#### Work request:
Copy every line from the one that holds "Step into the" to the end of the records below, exactly and with nothing else, but without any pictures.

#### Extracted records:

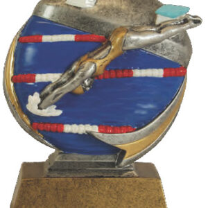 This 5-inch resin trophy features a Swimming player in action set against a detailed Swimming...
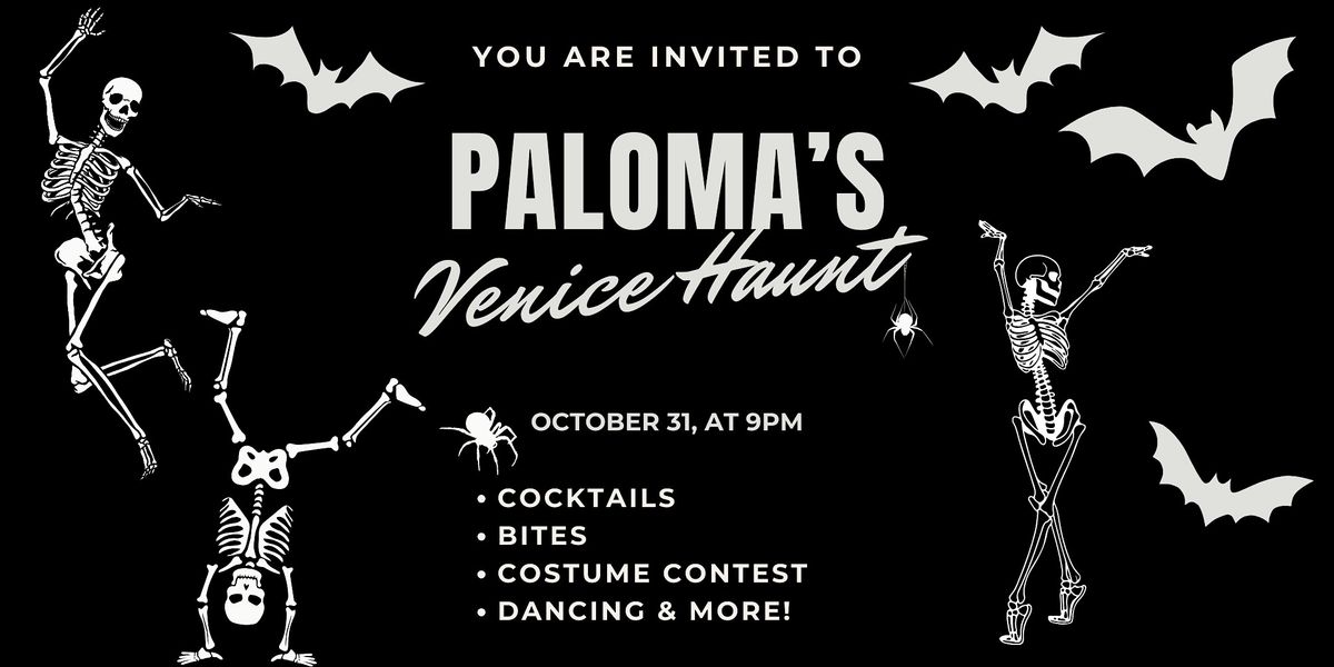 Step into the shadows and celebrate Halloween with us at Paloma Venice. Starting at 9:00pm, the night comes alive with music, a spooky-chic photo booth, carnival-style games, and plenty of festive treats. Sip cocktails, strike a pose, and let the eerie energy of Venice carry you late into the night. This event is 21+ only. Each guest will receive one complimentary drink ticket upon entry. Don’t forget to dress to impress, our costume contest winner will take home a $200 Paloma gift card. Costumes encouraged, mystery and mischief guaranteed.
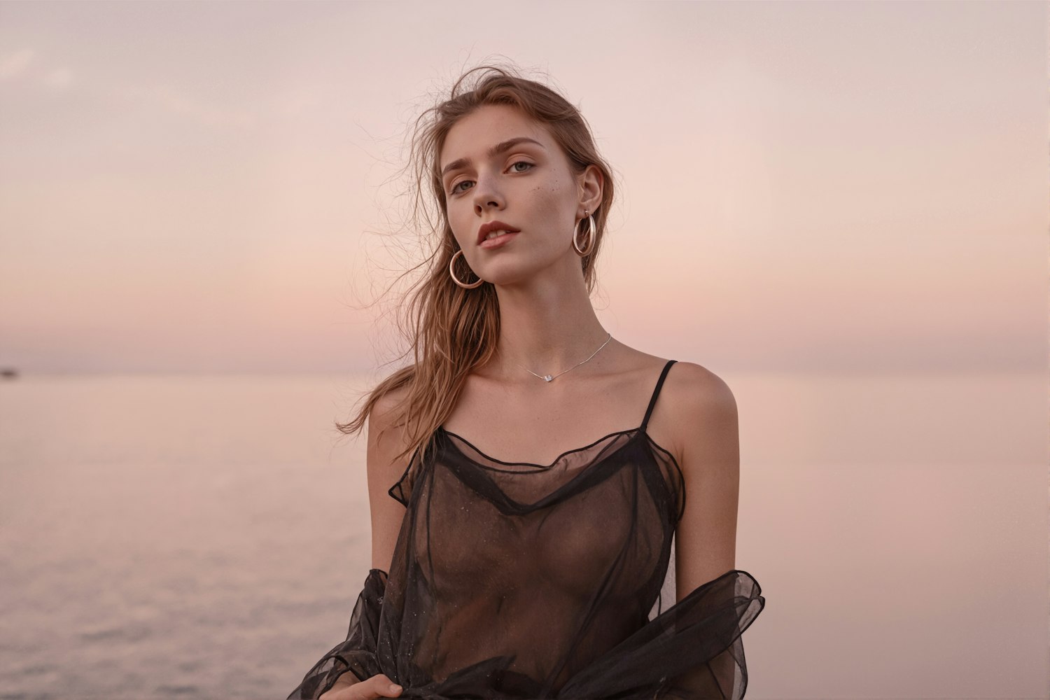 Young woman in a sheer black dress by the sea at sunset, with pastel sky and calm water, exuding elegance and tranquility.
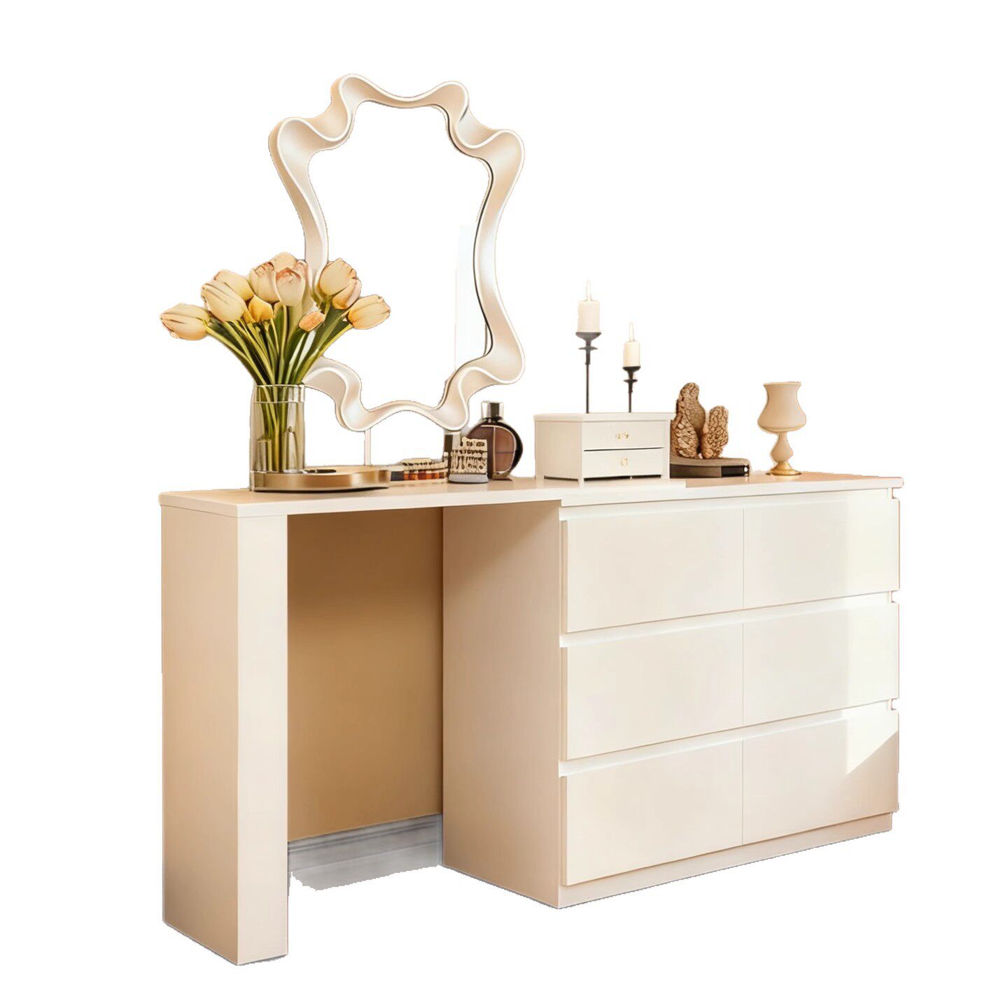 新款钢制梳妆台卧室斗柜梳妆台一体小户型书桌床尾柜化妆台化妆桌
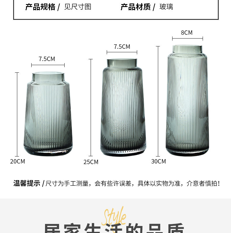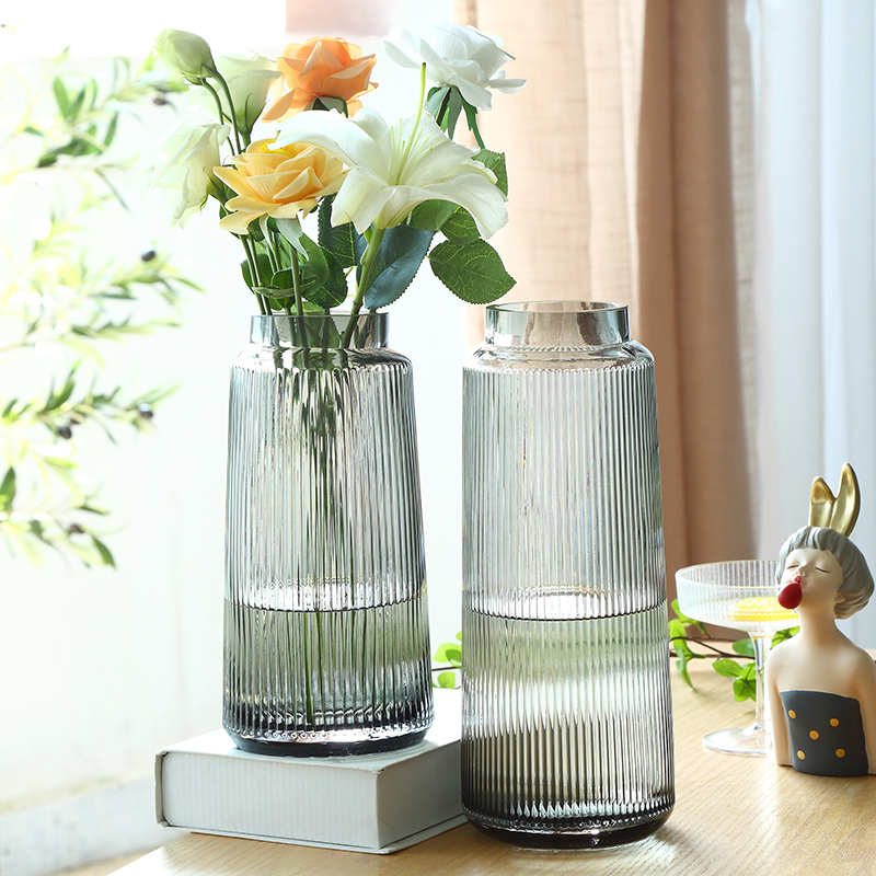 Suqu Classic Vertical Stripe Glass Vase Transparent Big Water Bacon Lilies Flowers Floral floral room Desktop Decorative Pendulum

#### Output for this task:
 Step into the shadows and celebrate Halloween with us at Paloma Venice. Starting at 9:00pm, the night comes alive with music, a spooky-chic photo booth, carnival-style games, and plenty of festive treats. Sip cocktails, strike a pose, and let the eerie energy of Venice carry you late into the night. This event is 21+ only. Each guest will receive one complimentary drink ticket upon entry. Don’t forget to dress to impress, our costume contest winner will take home a $200 Paloma gift card. Costumes encouraged, mystery and mischief guaranteed.
 Young woman in a sheer black dress by the sea at sunset, with pastel sky and calm water, exuding elegance and tranquility.
 新款钢制梳妆台卧室斗柜梳妆台一体小户型书桌床尾柜化妆台化妆桌
 Suqu Classic Vertical Stripe Glass Vase Transparent Big Water Bacon Lilies Flowers Floral floral room Desktop Decorative Pendulum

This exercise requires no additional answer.